Putnam's aggressive growth funds aren't easy to compare to other aggressive growth funds, Mr. Miller said. "We manage these funds more to adhere to their style than because we worry about managing to meet or beat some benchmark."
As part of its internal review, Putnam analyzed other benchmarks, concluding it probably will continue to use the Russell Mid-Cap Growth Index for all three funds.
"This benchmark is not the best fit for the market cap ranges of these funds, but it is the best style fit," said Mr. Miller.
Keep it in perspective
Observers cautioned the one-year and shorter term returns of Putnam's aggressive growth funds need to be kept in perspective. "So-called performance problems need to be related to the extraordinary performance of the market. . . . A 25% return is still, in an absolute sense, a very good return," said Burton J. Greenwald, president of consultant B.J. Greenwald Associates, Philadelphia.
But many consultants, Mr. Greenwald included, remain concerned about the size of the funds relative to their investment style.
"The closing of (Fidelity's) Magellan Fund was a watershed event. It legitimized the question of size relative to a fund's performance. Size may be a big factor in performance if the fund is not investing in large-cap stocks or indexes," said Mr. Greenwald.
"If you're interested in a high-octane fund, the size of these Putnam funds would scare the heck out of me."
Morningstar's Ms. Benz agreed. "Voyager and New Opportunities are really big funds to be managing in the midcap range. These two funds are among the largest we track in the category. Now that smaller-cap stocks are beginning to be favored by the market, these funds are going to have more problems because of their size. They can't be as nimble as they once were in making good small-cap stock investments."

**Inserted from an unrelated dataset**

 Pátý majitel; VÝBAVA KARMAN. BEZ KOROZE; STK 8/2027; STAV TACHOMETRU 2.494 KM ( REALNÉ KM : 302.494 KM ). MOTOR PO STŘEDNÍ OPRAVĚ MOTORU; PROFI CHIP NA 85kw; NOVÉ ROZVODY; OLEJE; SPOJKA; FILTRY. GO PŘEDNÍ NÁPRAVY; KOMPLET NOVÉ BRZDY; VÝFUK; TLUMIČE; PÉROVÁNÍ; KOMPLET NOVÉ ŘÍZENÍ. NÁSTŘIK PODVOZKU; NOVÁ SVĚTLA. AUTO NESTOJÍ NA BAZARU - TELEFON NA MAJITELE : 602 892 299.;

"Size of funds can't be overlooked or talked away. The growth of these funds has coincided with the downturn in performance. Why would you close New Opportunities unless it was getting too big? And Voyager is a very, very large fund. It is impossible for its performance not to be affected by its size," said Mr. Beaudry.
Closing seemed to help
Early indications are that closing New Opportunities might have helped. Performance data from CDA/Wiesenberger, Rockville, Md., showed improvement in performance.

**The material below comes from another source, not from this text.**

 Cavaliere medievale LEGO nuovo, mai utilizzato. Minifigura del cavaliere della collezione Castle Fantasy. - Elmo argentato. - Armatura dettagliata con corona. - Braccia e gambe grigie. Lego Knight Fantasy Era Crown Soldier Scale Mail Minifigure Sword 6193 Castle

For the 12 months ended June 30, New Opportunities/A returned 4.3%, compared with an average return of 23.5% for its peers in the domestic growth equity fund category. But for the 12 months ended Aug. 31 - including more than two months that the fund was closed - it returned 15.3% vs. 32.8% for other domestic growth equity funds.
Mr. Miller said severely curtailing the cash flow has made it much easier to manage New Opportunities because he doesn't have to deal with large swings of money.
Closing also helped the whole growth area at Putnam, because managers of the other funds don't have to compete with the fund's huge appetite for new stocks as he struggled to remain close to the goal of being fully invested.
Voyager, with its three-manager/three-style approach and greater use of large-cap stocks, probably can absorb a lot more cash flow, Mr. Miller said.
"We don't need to close Voyager, because that large-cap element is so much easier to invest in and much more liquid."
With Vista, Mr. Miller said, Putnam management is "acutely aware of the size . . . and attendant problems with small- to midsized stock investment. We are watching it all the time."
Mr. Miller said Putnam officials are confident the aggressive growth style is poised to return to favor.
"We should do pretty well into the end of the year, if we pick stocks right," he said. "The fourth quarter last year was a throw-in-the-towel kind of period."